5 Easy Steps to Charge Deep Cycle Marine Battery
Last Updated on August 4th, 2020
Charging a deep cycle marine battery is a lot different than charging a regular car battery. Some sailboat operators learn how to check the health of a marine battery with the help of a Digital Multimeter. Knowing how to operate a Digital Multimeter is vital, but you must also consider a few more factors.
For instance, a 150 amp-hour deep cycle battery when hooked with a 2 amp charger would typically take 75 hours to charge. When the same process is carried out with a charger with higher current ratings, it will get charged quicker.
This post is intended to get you acquainted with the deep cycle charging process. Once you have the correct tools and equipment (discussed further) at hand, you can dive into the easy-to-follow steps to charge your deep cycle battery to 100 percent.
Related Guide: How long Does A Deep Cycle Marine Battery Last
What is a Deep Cycle Battery
A deep cycle battery is a lead-acid battery designed to provide stable and uninterrupted power over extended periods. The more you charge and discharge a deep cycle battery, the depth of discharge (DOD) will get reduced. Meaning, a deep cycle battery allowed to reach the lower limit (45 percent charge) regularly will get discharged faster.
A deep cycle battery is capable of smoothly operating until it is 80-85 percent discharge. Manufacturers do not recommend using a battery that has only a few amps of power left. Ideally, you would want to recharge the battery when it reaches 50 percent discharge mark. Marine deep cycle batteries last longer when charged perpetually.
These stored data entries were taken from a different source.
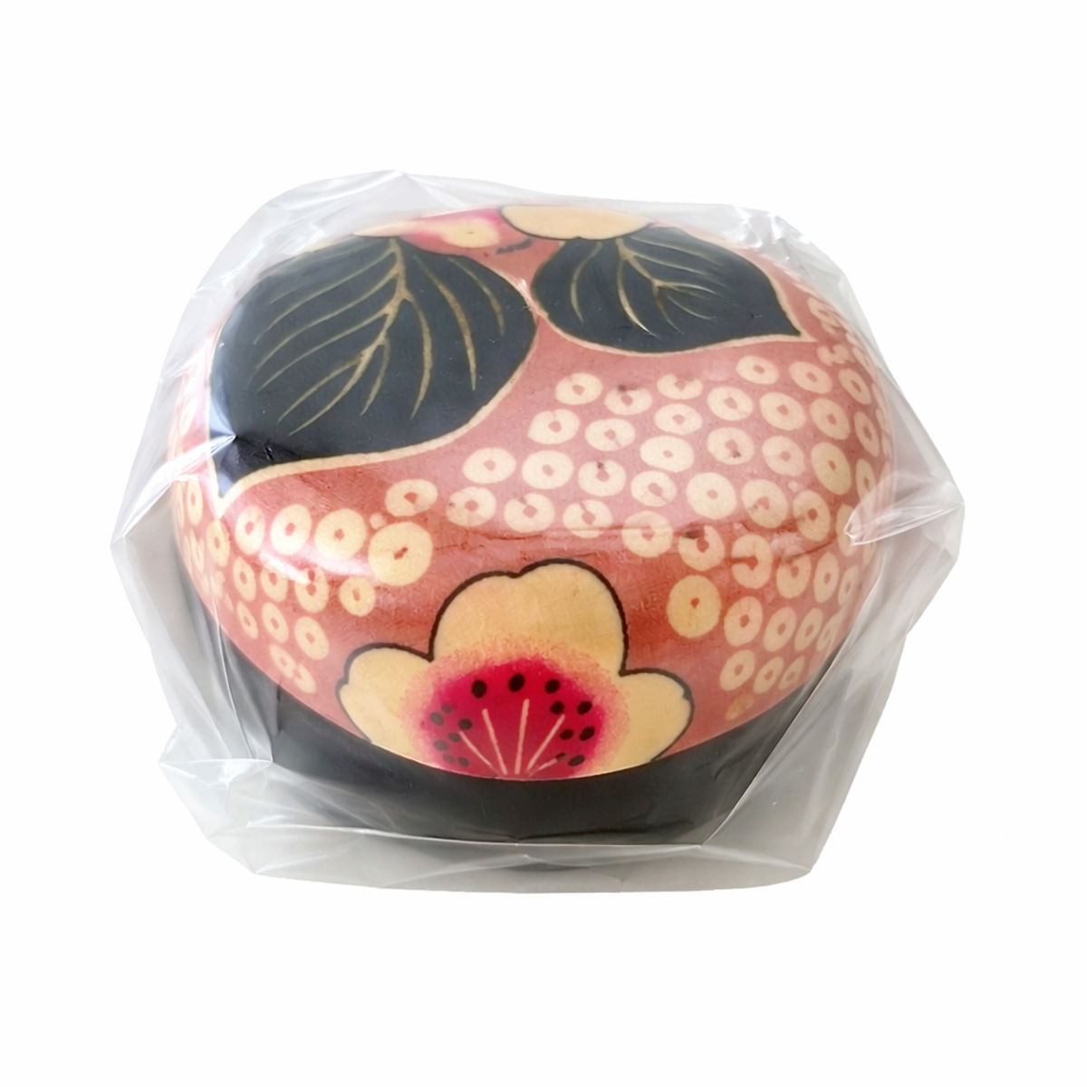 まるで着物のような上品な和柄が美しい、樹脂製の棗です。茶器の一種である「棗(なつめ)」は、抹茶を入れるのに用いる道具で、温度や湿度の変化による抹茶の劣化を防ぎます。
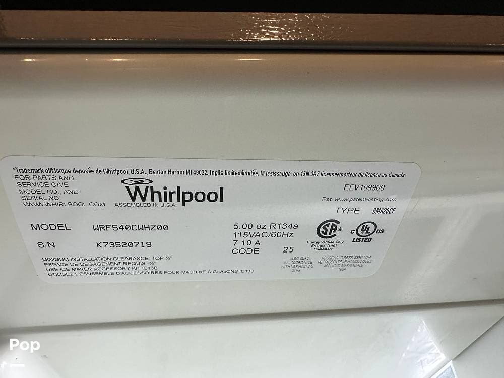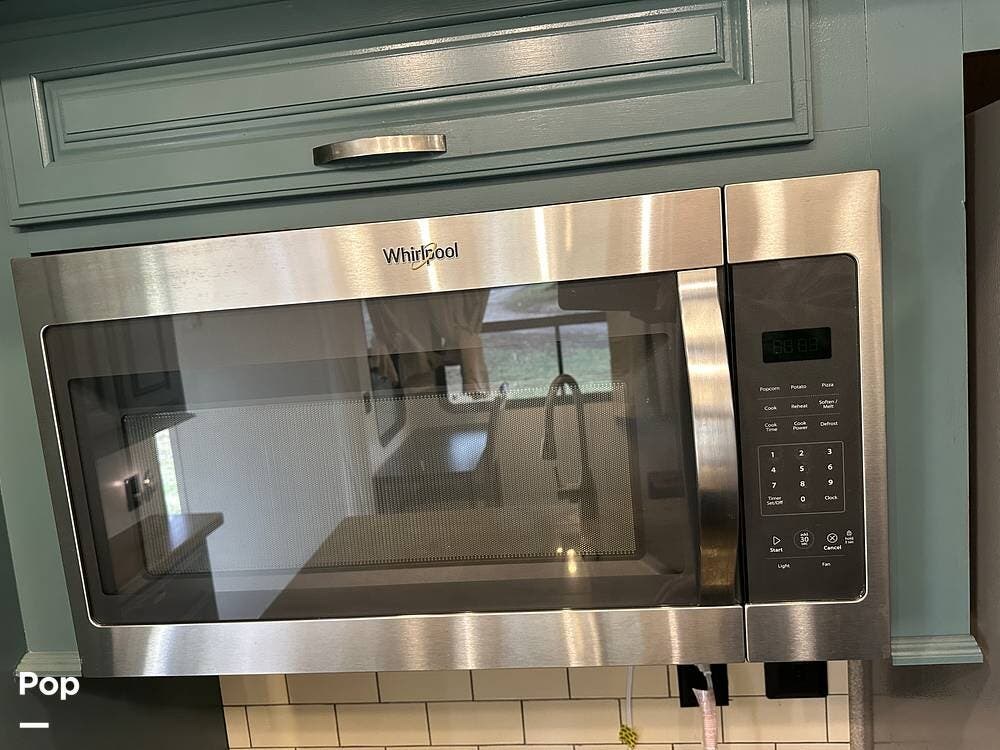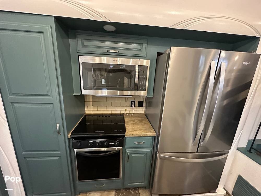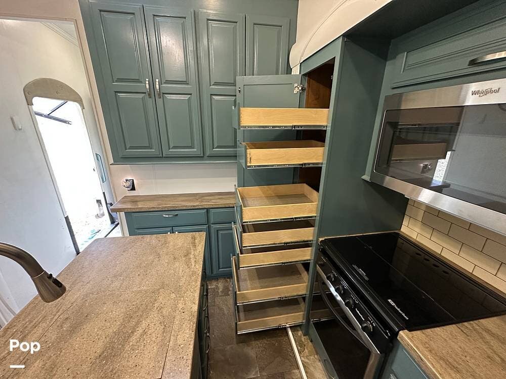 The kitchen is a cook's dream on wheels. Solid-surface LG countertops wrap around a full center island with an oversized 60/40 stainless-steel sink, giving you real workspace to prep meals the way you would at home. The full-size stainless steel oven features a Piezo igniter, sealed burners, and a double-pane glass door with an interior light so you can check on dinner without opening the oven. A stainless steel 30-inch over-the-range microwave vents to the outside, and a 19-cubic-foot residential refrigerator with a built-in ice maker and dedicated inverter keeps everything cold even when you are off shore power. A full pantry with seven pull-out drawers keeps everything organized, and a compact table that doubles as a workspace is ready for whatever your day calls for.
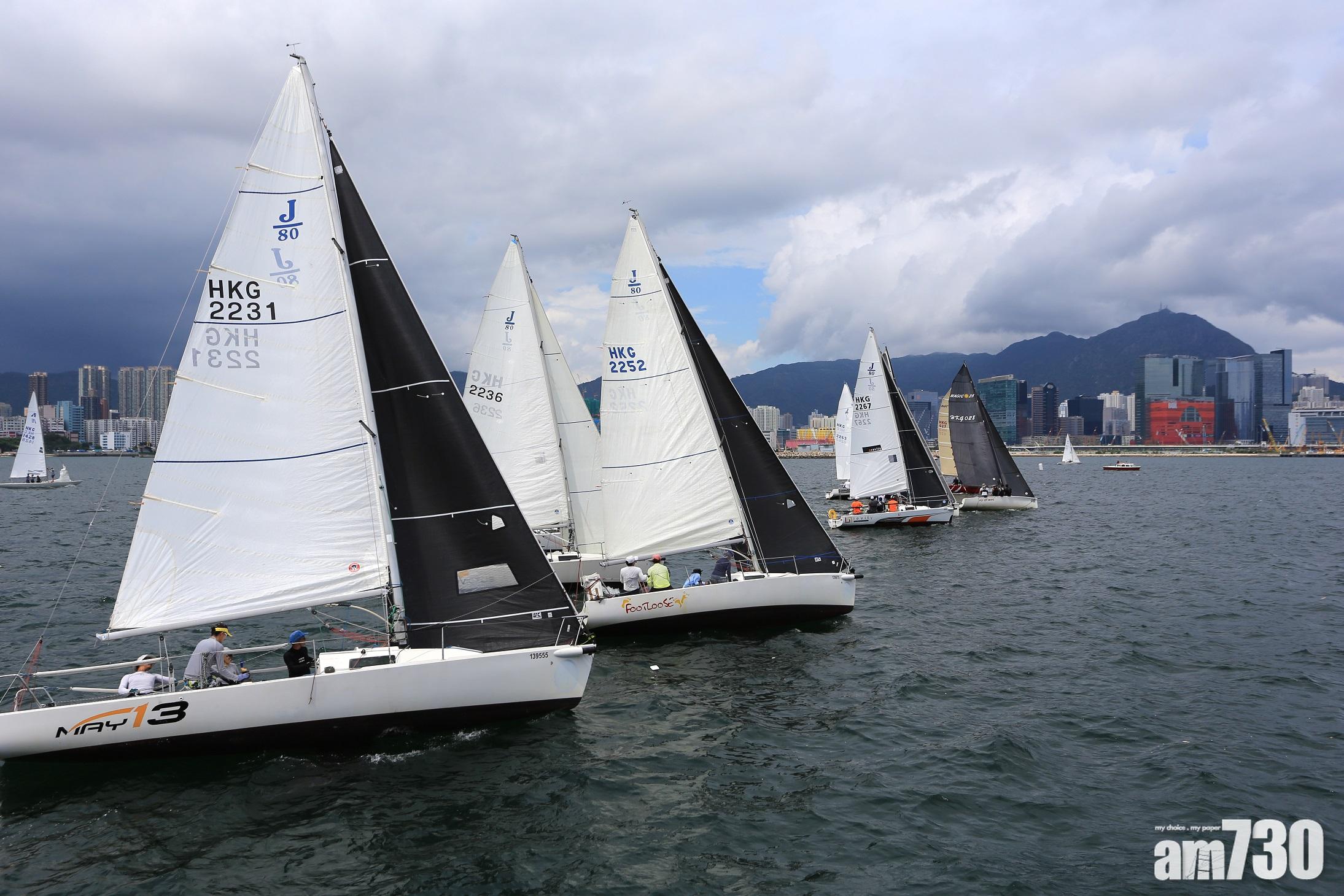 香港遊艇會的「秋季帆船賽」周日兩場賽事在碧海南天下展開,為2020-2021年的帆船賽季打響頭炮。(香港遊艇會提供)
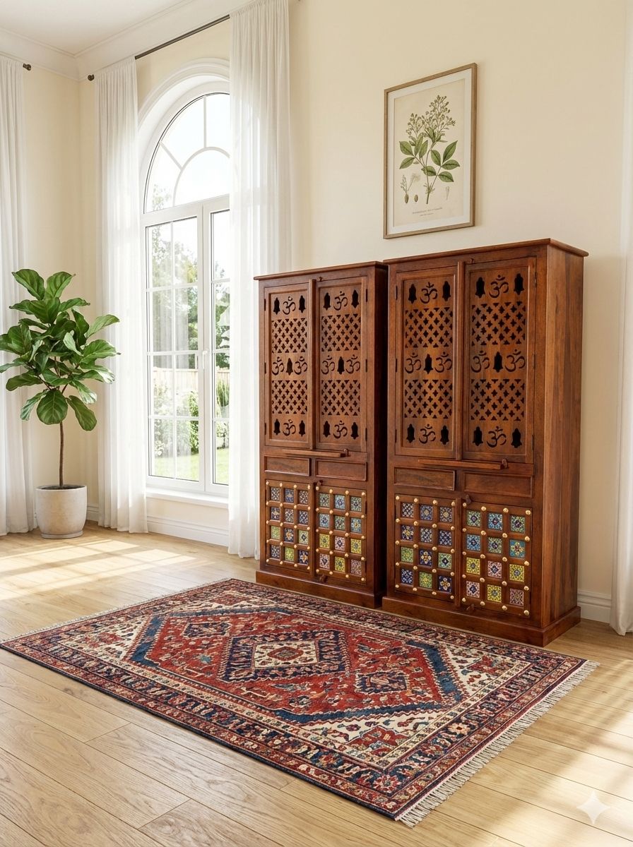 Made from high-quality seasoned solid wood, this temple is strong, durable, and built to last for generations. The spacious prayer area comfortably accommodates idols, lamps, and incense holders, while the multiple storage drawers below provide convenient space for pooja essentials. The detailed “Om” and jali-style back panel enhances spiritual ambiance and airflow.
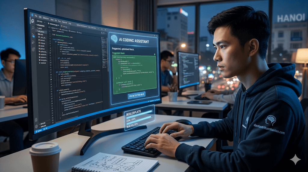 GitHub Copilot — công cụ AI hỗ trợ viết code của Microsoft/GitHub — đang được sử dụng bởi hơn 1,3 triệu developer trên toàn thế giới. Các nghiên cứu của GitHub cho thấy developer dùng Copilot hoàn thành tác vụ nhanh hơn 55% so với không dùng. Với Cursor — IDE tích hợp AI — lập trình viên có thể mô tả yêu cầu bằng ngôn ngữ tự nhiên và nhận về code hoàn chỉnh, được review tự động và sẵn sàng deploy.
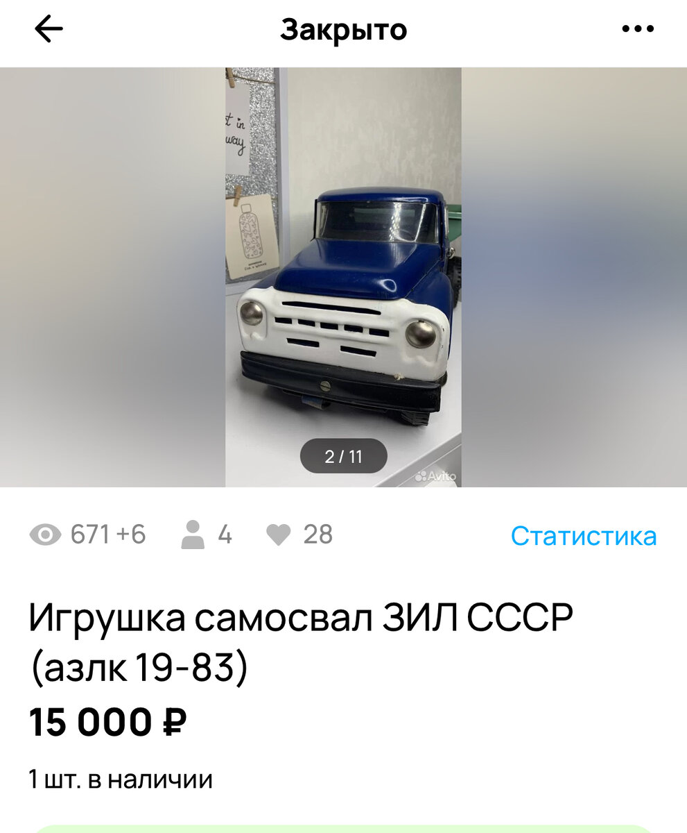 Чуть больше месяца назад я обнаружила на балконе винтажный самосвал времен СССР и, отмыв бедную машину, изучив рынок цен на аналогичный товар, выложила на продажу на Авито за 15000₽, а позже добавила к цене еще 500₽ (на случай торга!) Несколько раз писали потенциальные клиенты и просто любопытствующие. Один даже был достаточно серьезен на первый взгляд, попросил дополнительные фото и видео, что бы рассмотреть состояние самосвала, сам приехать на осмотр не мог (из Питера). После того, как я скинула все, что потребовал клиент, он пропал. Ничего серьезного… Сначала я подумала, может, машина выглядит не очень? Осмотрела. Да нет, самосвал в отличном состоянии, весь ровный, не подбитый, детали все на месте. Кстати, что бы добавить видеоролик на Авито в свое объявление, обязательно должна быть подключена доставка! Исключением является ссылка на ютуб, но я им не пользуюсь, ничего туда не заливаю. Поэтому доставку я подключила, но указала, что отправлю только по предоплате, никаких отказов. И
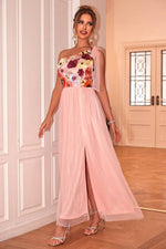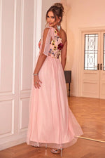 Cette touche florale emblématique du style champêtre est idéale lors d'évènements chics. Avec son rose pâle, cette robe de cérémonie en devient parfaitement fraîche et bucolique.
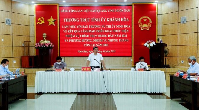 Ngày 1/10, Thường trực tỉnh Uỷ Khánh Hòa đã có buổi làm việc với Ban Thường vụ Thị ủy Ninh Hòa về kết quả lãnh đạo triển khai thực hiện nhiệm vụ chính trị 9 tháng qua, và phương hướng, nhiệm vụ những tháng cuối năm 2021.
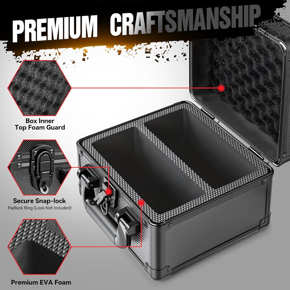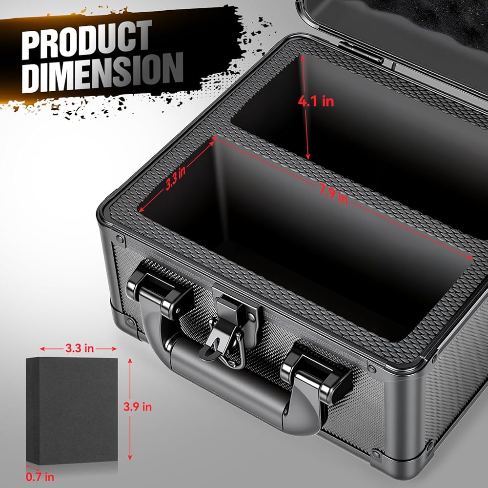 Max Protection: Equipped with 2 foam dividers to prevent sliding and collisions. Sturdy structure keeps cards safe from scratches and damage. Designed with a loop and quick-snap closure (lock not provided), this box delivers customizable security for your graded cards.

Here Are the 5 Easy Steps to Charge a Deep Cycle Marine Battery
Step 1: Clean the battery
The metal terminals of a deep cycle battery are always vulnerable to corrosion and rust. A corroded electrode lowers the battery charge time. It also leads to the disintegration of the metal terminals. Hence, before charging a deep cycle marine battery, it is always good to clean the terminals with the help of a dry cloth. Make sure you wear latex gloves to protect the skin on your hands from acid discharge.
Step 2: Disconnect the deep cycle battery
If your battery is located in a cramped cockpit, it would be beneficial to move it to open space, before charging. First, disconnect the terminals and carry them to a dry place such as a deck.
Step 3: Uncover the battery
Before charging the battery, it is always right to check the electrolyte levels of each cell. To do this, you must uncover the battery and then pop-up the lid of each compartment. Make sure you are still wearing the latex gloves as concentrated H2SO4 can have pH levels around 1.31–1.34.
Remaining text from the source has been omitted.